Aikido is a specialized subset of Japanese unarmed or lightly armed fighting arts, therefore it is jujutsu. It is derived from Daito Ryu, therefore the parent art is DRJJ. And it is Ueshiba's particular interpretation of that art, therefore, Ueshiba-ha.

He chose to call it aikido, sort of falling in line with Kano's rationale of using the term judo instead of jujutsu (although that distinction is really blurry, semantically and historically) after having called it Daito Ryu JJ, DR aikijujutsu, DR aiki budo, and other apellations. Eventually, he chose to break ties with Takeda and dropped the DR part in practical terms, but (as far as I know) never chose to rename the system formally. Aikido sort of stuck, despite it being non-specific.

There are folks in Japan (and elsewhere) practicing other jujutsu derivatives of DR who call (quite legitimately, I assure you) what they do aikido. Aikido, as a stand-alone term, is vague and sort of generic. Kinda of like saying 'karate' ... there are many variations, flavors and approaches and not all of 'em are Ueshiba-derived.

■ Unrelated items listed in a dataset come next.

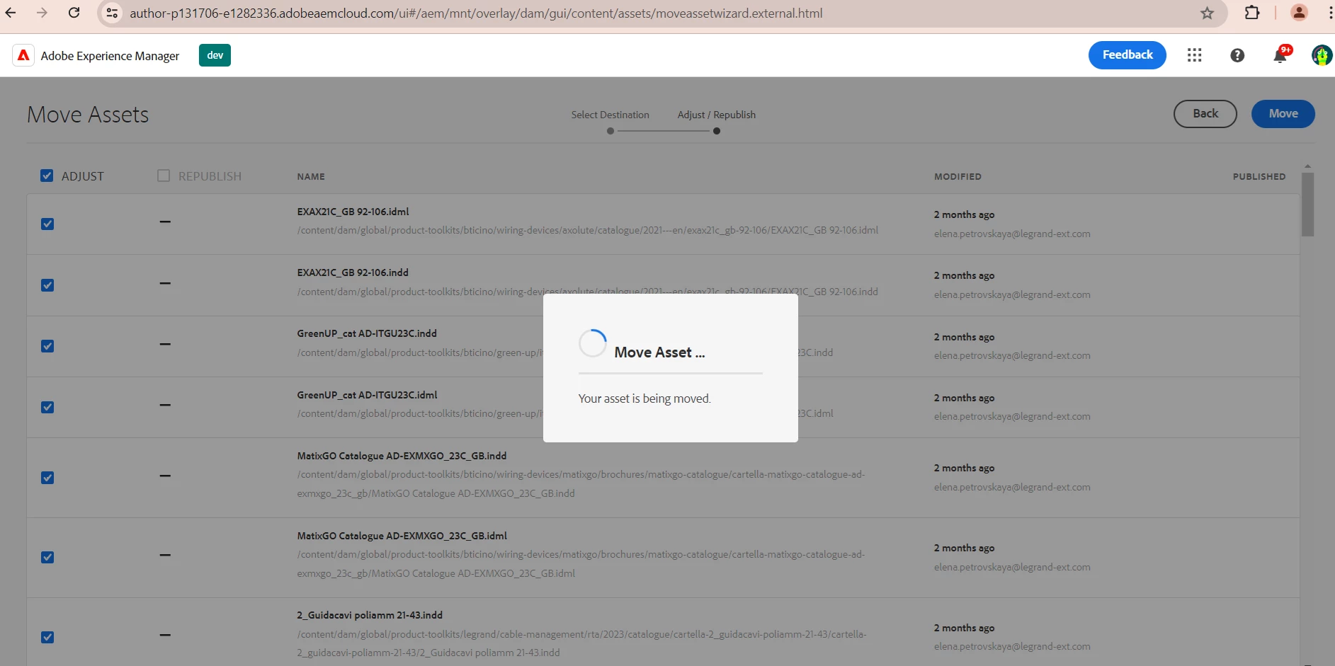 | Improved/Expected Behavior: | Moving of 100+ assets with references is fast and there are no any errors and there is no never-ending spinner. |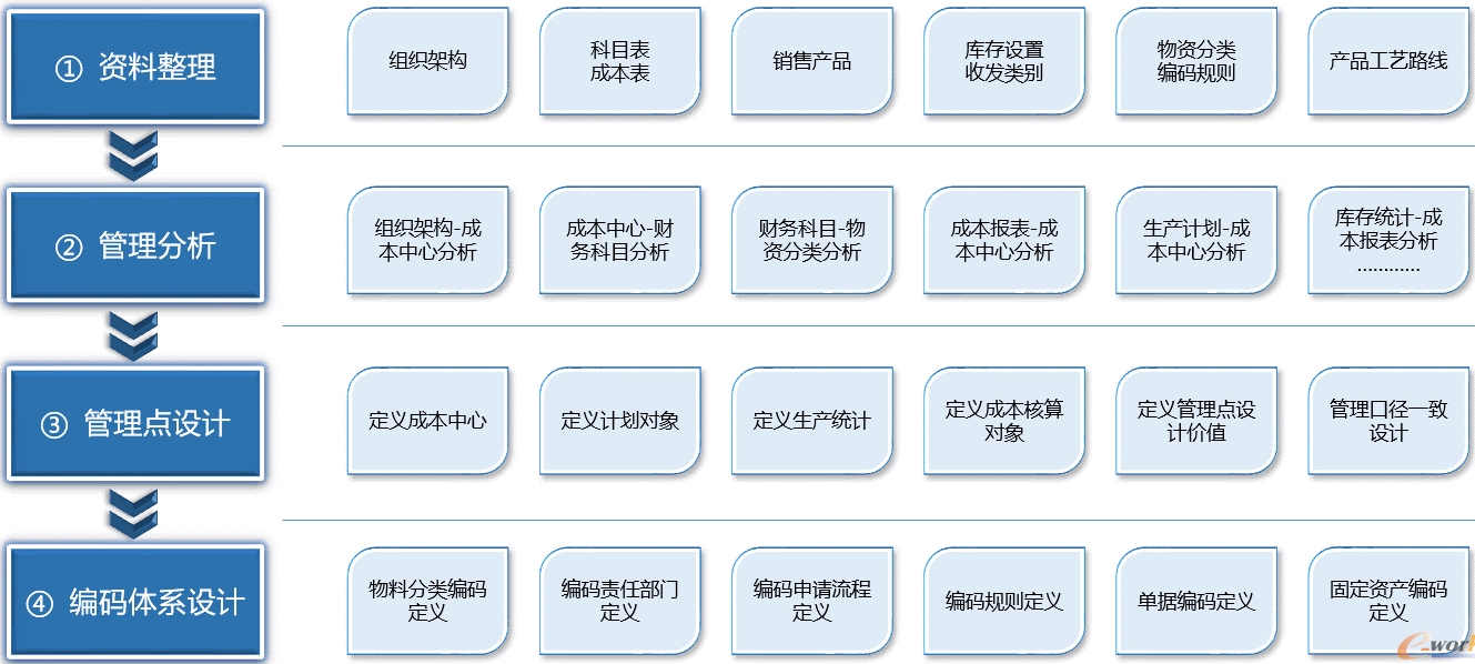 •第四級:工序級核算,產品核算到工序加工過程,各生產單元的費用匯總到生產工序,進行分攤。該級核算對統計要求非常高,每工序完工必須可計量。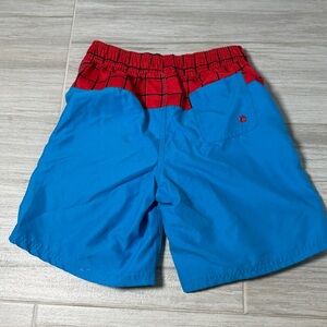 Vibrant Spider-Man shorts with red and blue design. Perfect for young fans. Comfortable fit. Purchased directly from Disney, Marvel Spider-Man Red and Blue Kids Swim Shorts in size 7/8 bathing suit. My son wore only a couple of times. Elastic waist. Lined.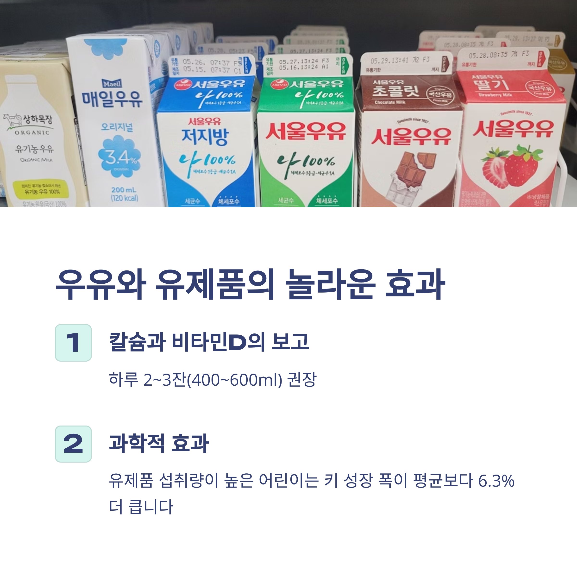 유제품 섭취량이 높은 어린이는 키 성장 폭이 평균보다 6.3% 더 큽니다.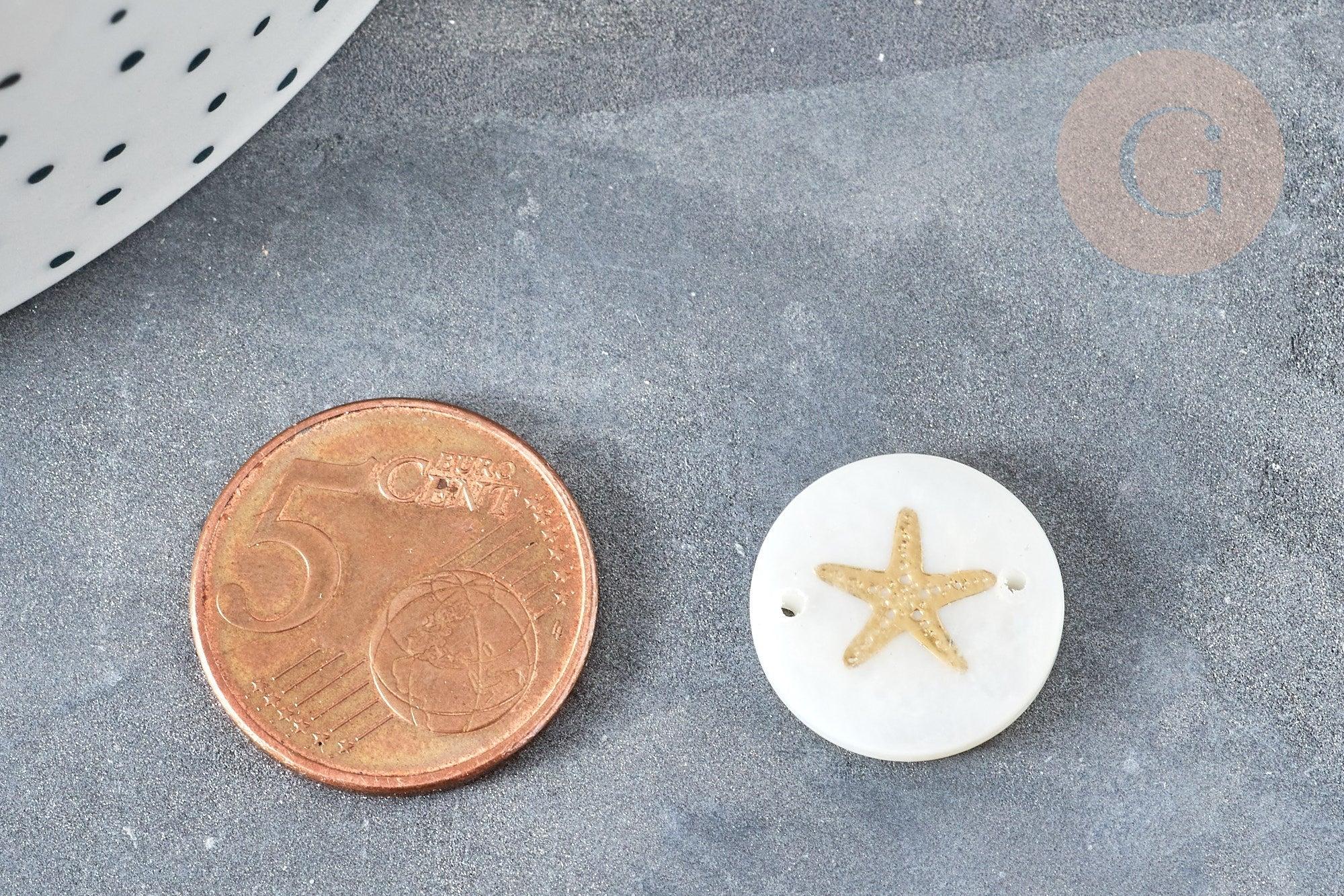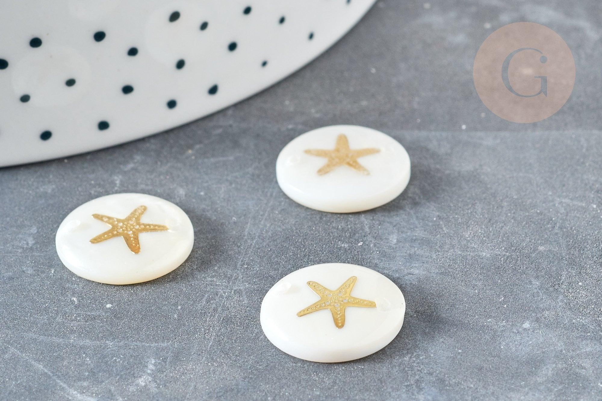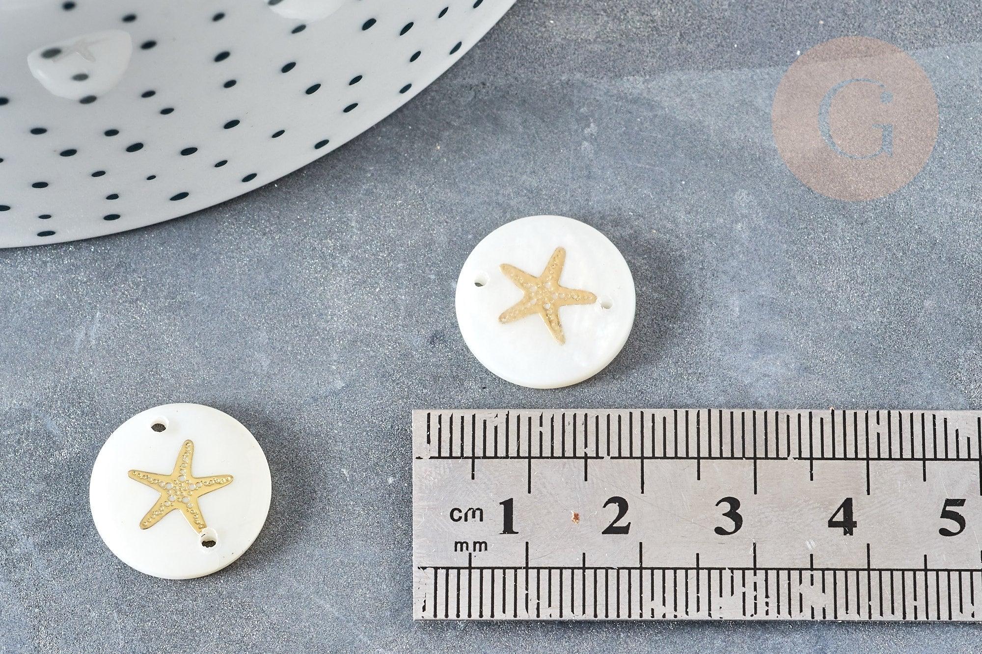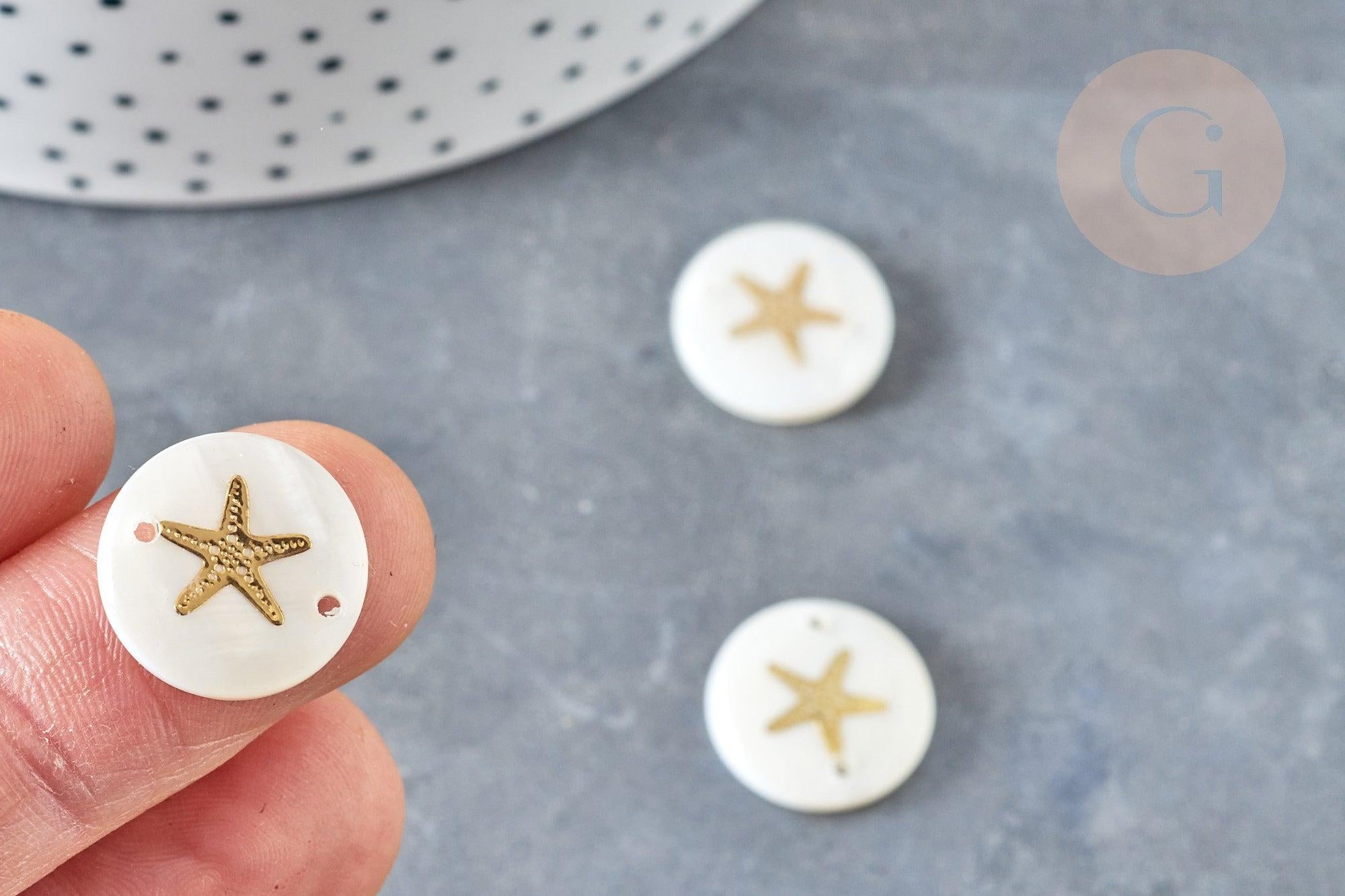 Colgante conector redondo de nácar blanco con estampado de estrellas de mar doradas.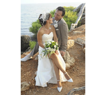 Après s'être dit oui à la mairie, les jeunes mariés ont pris la pose devant un paysage de rêve. Entre Méditerranée et pinède, Anne et Vincent ont brillé d'élégance en robe de mariée glamour et costume trois pièces.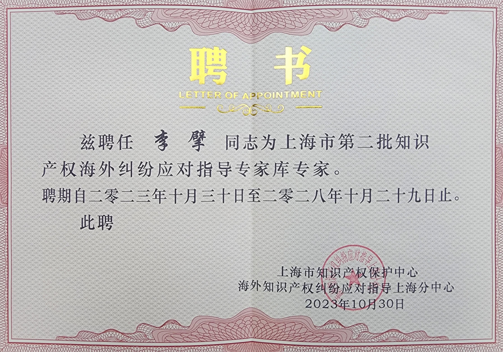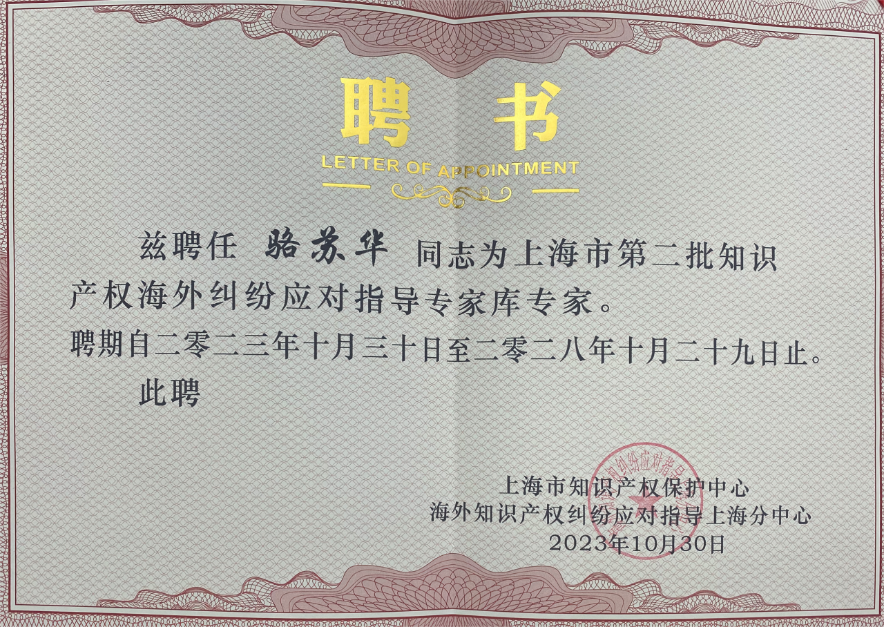 集佳上海分所駱蘇華、李擘獲聘成為上海市第二批知識產權海外糾紛應對指導專家庫專家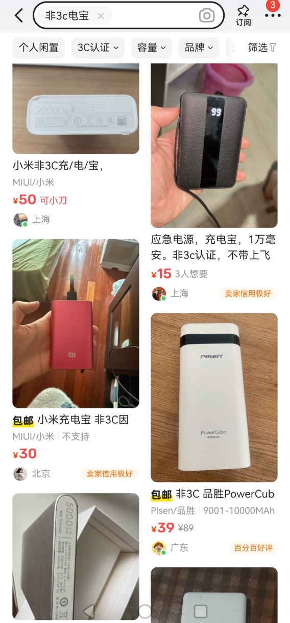而在闲鱼等二手交易平台,记者却发现仍有人将“非3C充电宝”以“二手”或“清理库存”为标签低价销售,部分卖家在页面内甚至标注“机场安检淘汰品”,价格低至十几元。

Is what _I_ do aikido? I practice a system of jujutsu, one that incorporates a concept we call 'aiki' and that contains portions of the curriculum we call aikijujutsu and aikijutsu (or aiki-ho -- not a typo, ho, meaning method). It is not specifically Ueshiba-derived. I tend to call what I do, budo, for simplicity. It is, more or less, a sogo budo -- a broad-spectrum, 'comprehensive' system -- that contains sub-systems of kempo (fist-method -- punch-kick stuff), weapons (sword, staff, and small weapons such as tessen and tanto) and the primary component: unarmed body arts.

However, my teacher spent some time in the late 50s/early 60s training with folks like K. Tohei and G. Shioda. Much of the taijutsu I practice today was flavored by those folks.

So ... I COULD call what I do aikido, if I wanted to (What did Pooh say about words?). And, indeed, Sensei would at times talk about aikido, but the curriculum I teach is broader than just the portion in which we explore the concept of aiki (though, arguably, it ALL encompasses aiki at some level).